◆ Supplied material ◆
------------------------------------

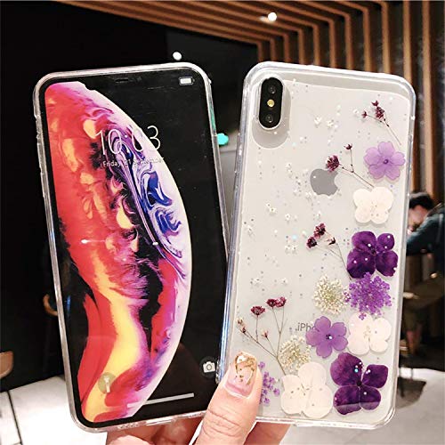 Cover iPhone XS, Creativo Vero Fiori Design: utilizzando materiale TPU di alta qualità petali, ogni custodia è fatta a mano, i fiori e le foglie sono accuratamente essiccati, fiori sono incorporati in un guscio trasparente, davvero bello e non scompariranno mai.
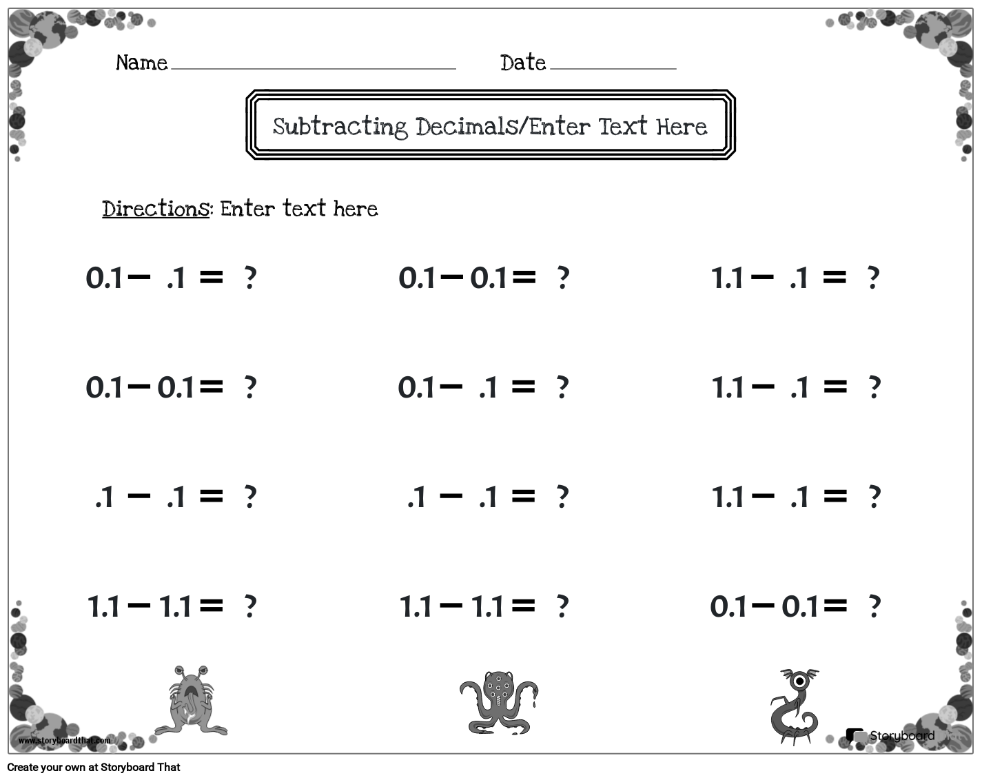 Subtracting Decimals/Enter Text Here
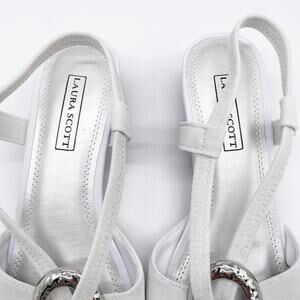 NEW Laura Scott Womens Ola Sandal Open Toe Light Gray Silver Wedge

------------------------------------

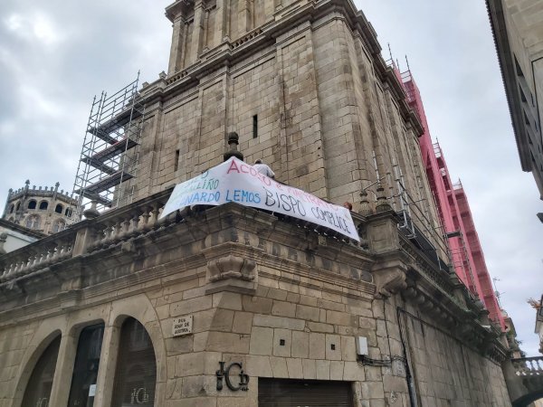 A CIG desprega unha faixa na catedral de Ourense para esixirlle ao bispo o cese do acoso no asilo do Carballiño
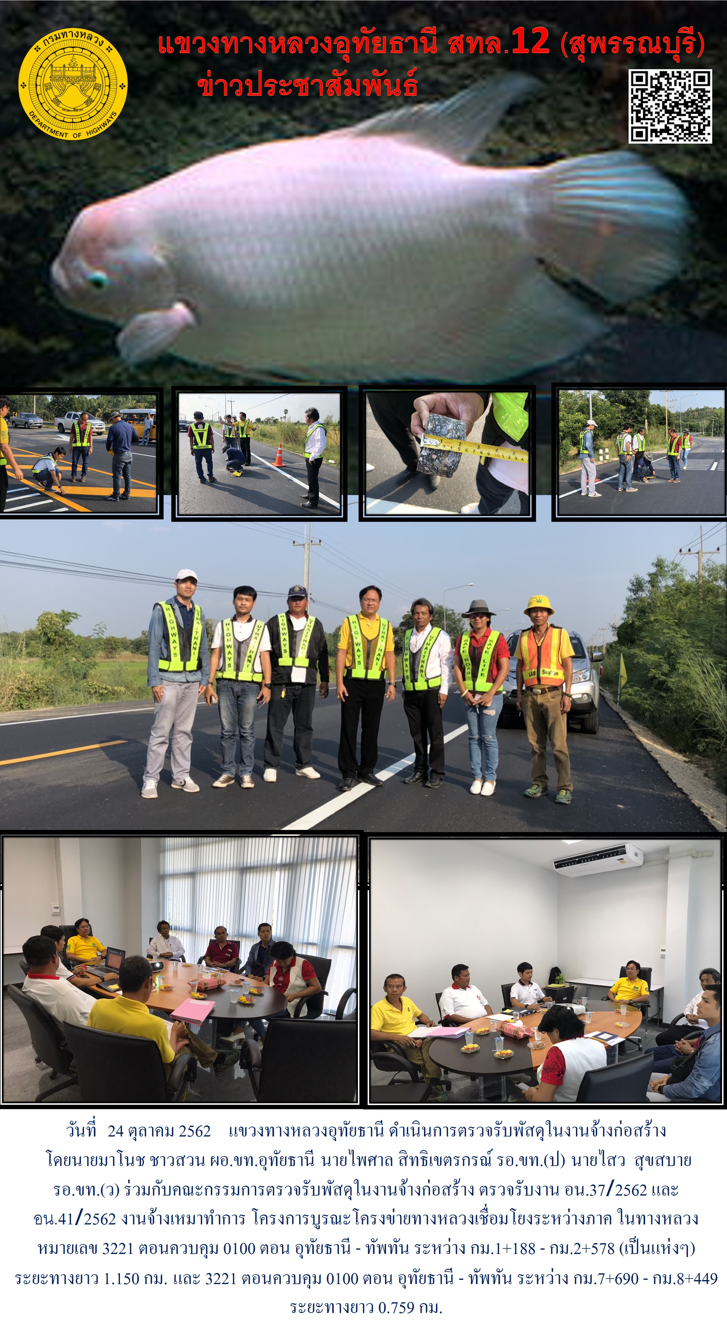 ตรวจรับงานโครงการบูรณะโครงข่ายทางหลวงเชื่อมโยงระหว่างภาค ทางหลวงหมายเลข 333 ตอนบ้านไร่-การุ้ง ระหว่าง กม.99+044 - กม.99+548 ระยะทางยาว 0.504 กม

------------------------------------

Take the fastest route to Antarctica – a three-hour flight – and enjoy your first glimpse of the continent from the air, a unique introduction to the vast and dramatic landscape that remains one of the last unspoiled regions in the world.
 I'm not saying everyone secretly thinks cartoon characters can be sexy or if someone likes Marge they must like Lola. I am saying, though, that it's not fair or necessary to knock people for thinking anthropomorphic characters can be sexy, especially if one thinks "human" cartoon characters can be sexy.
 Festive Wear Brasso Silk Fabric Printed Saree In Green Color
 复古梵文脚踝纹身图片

------------------------------------

◆ Task goal ◆
Look over the material above and show each line where "that" appears.

◆ Your response ◆
Take the fastest route to Antarctica – a three-hour flight – and enjoy your first glimpse of the continent from the air, a unique introduction to the vast and dramatic landscape that remains one of the last unspoiled regions in the world.
 I'm not saying everyone secretly thinks cartoon characters can be sexy or if someone likes Marge they must like Lola. I am saying, though, that it's not fair or necessary to knock people for thinking anthropomorphic characters can be sexy, especially if one thinks "human" cartoon characters can be sexy.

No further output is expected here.